Flora and the Penguin by Molly Idle

So I absolutely loved Molly Idle‘s Flora and the Penguin (2014, Chronicle). A wordless picture book about a little girl named Flora and a penguin, Flora and the Penguin is one of those books will love to read again and again.

Here’s what I LOVE about this book.

(1) It has no words. This aspect encourages readers to make their own meaning. I can see this book helping early readers learn to tell their own stories as they practice building oral language skills. I can also see older students working on visual text analysis as they study plot and reader response theory. What’s great about this book is that readers of all ages have to co-create meaning with the text, a central idea to Rosenblatt’s reader response theory.

(2) The paper flaps and multi-page spreads. They’re not on every page but when they do appear, they really help the reader become part of the narrative. Readers literally have to make the story happen. In addition to several flaps, the book contains a multi-page pull-out section at the story’s climax. Readers of all ages will enjoy these interactive features.

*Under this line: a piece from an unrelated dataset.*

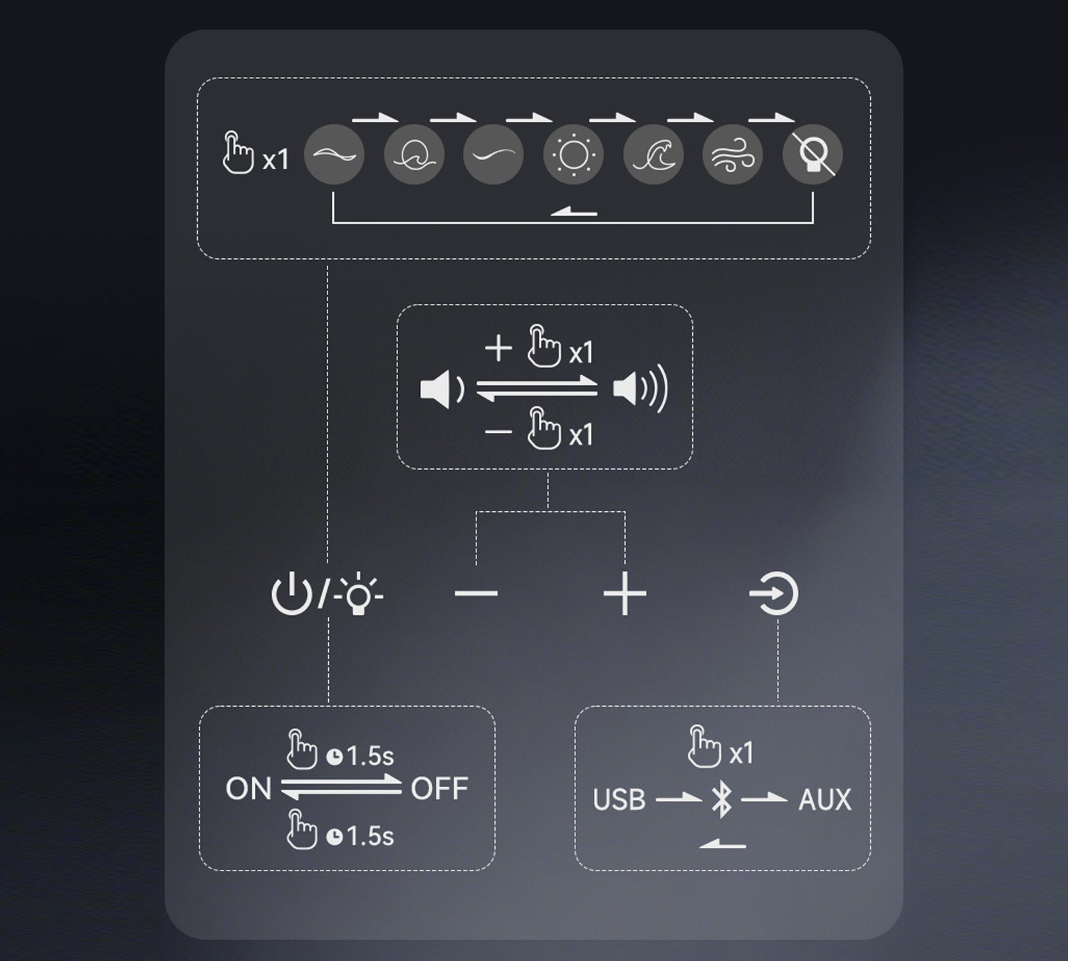 - เปิด / ปิดเครื่อง และควบคุมเอฟเฟกต์แสง

(3) It’s calming. Although the book has all of the elements of what makes a good story (e.g. tension, climax, resolution), overall, it exudes a certain sense of calmness. I’m not sure if the lack of words makes us slow down and really enjoy what we’re reading. But there is something about having to narrate the story for yourself that makes you slow down and really appreciate the book. And I like this aspect of Flora and the Penguin.